• _Excerpted records_:
^^^^
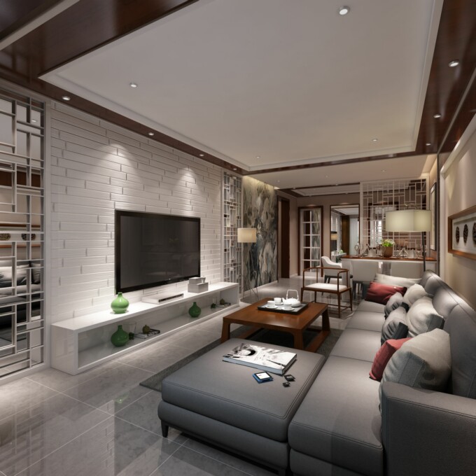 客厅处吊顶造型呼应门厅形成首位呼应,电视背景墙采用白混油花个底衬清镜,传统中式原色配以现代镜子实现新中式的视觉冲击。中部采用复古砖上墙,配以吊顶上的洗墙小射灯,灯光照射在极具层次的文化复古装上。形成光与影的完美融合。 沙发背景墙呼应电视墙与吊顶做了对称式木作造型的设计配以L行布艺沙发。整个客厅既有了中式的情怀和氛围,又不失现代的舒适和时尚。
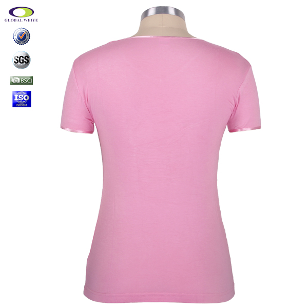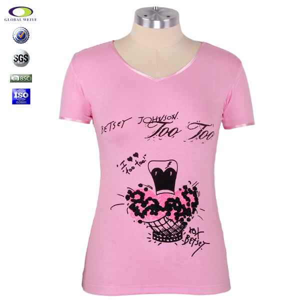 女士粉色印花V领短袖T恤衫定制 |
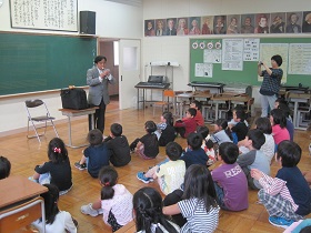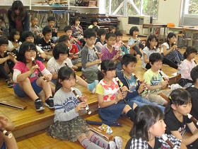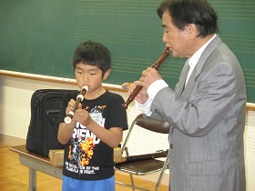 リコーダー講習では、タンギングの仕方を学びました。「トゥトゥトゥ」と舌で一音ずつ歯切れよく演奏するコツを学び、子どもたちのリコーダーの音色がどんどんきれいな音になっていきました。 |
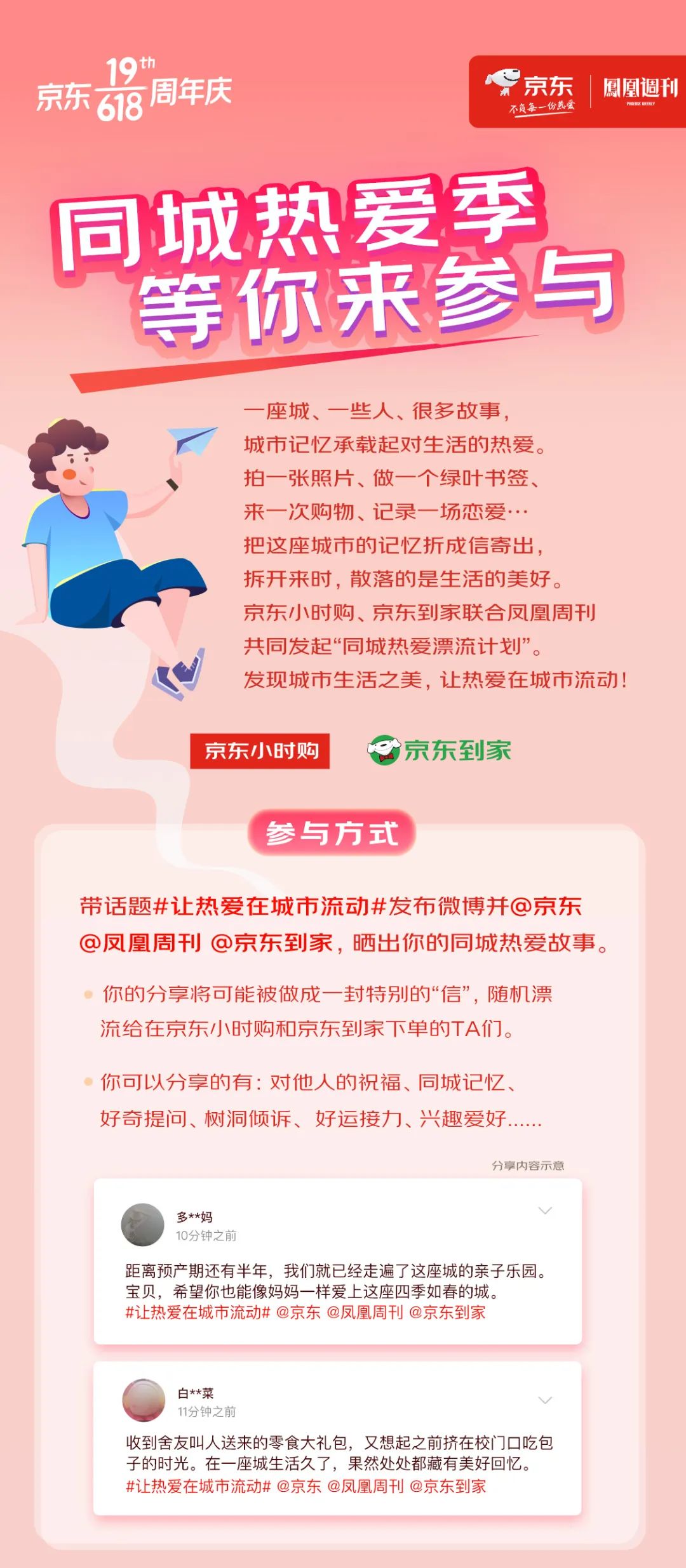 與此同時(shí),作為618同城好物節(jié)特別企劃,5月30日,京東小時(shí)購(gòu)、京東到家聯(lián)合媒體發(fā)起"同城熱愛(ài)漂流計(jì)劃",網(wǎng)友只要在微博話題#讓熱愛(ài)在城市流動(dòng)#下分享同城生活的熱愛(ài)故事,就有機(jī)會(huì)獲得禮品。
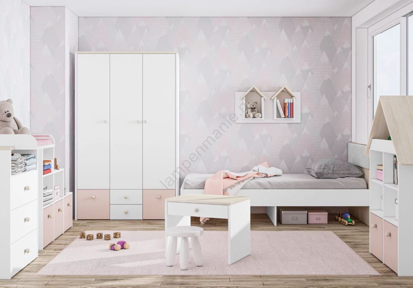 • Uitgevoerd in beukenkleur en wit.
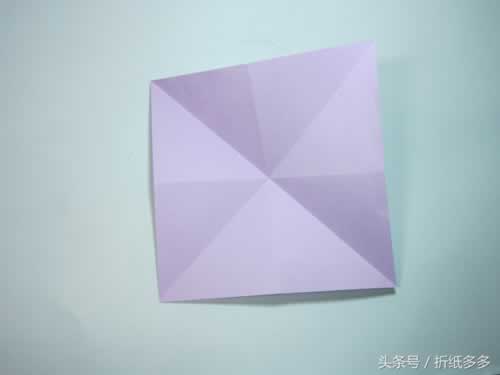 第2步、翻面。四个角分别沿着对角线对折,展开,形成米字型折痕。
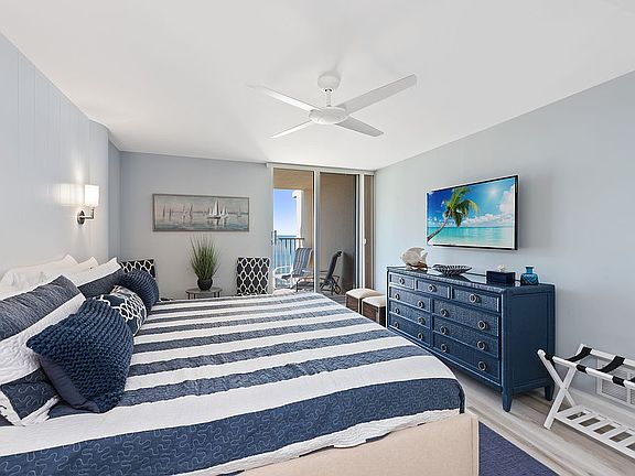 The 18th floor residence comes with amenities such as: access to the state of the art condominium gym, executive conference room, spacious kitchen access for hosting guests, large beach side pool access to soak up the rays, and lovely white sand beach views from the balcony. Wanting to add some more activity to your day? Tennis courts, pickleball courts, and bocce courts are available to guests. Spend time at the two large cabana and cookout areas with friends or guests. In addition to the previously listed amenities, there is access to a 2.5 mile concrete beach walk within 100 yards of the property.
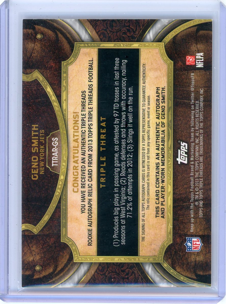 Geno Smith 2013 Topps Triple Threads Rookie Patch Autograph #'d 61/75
^^^^
• _Aim of the task_:
Starting from the first line of the listing above, write out every line exactly through the one containing "女士粉色印花V领短袖T恤衫定制 |", and drop the pictures.

• _Result below_:
 客厅处吊顶造型呼应门厅形成首位呼应,电视背景墙采用白混油花个底衬清镜,传统中式原色配以现代镜子实现新中式的视觉冲击。中部采用复古砖上墙,配以吊顶上的洗墙小射灯,灯光照射在极具层次的文化复古装上。形成光与影的完美融合。 沙发背景墙呼应电视墙与吊顶做了对称式木作造型的设计配以L行布艺沙发。整个客厅既有了中式的情怀和氛围,又不失现代的舒适和时尚。
 女士粉色印花V领短袖T恤衫定制 |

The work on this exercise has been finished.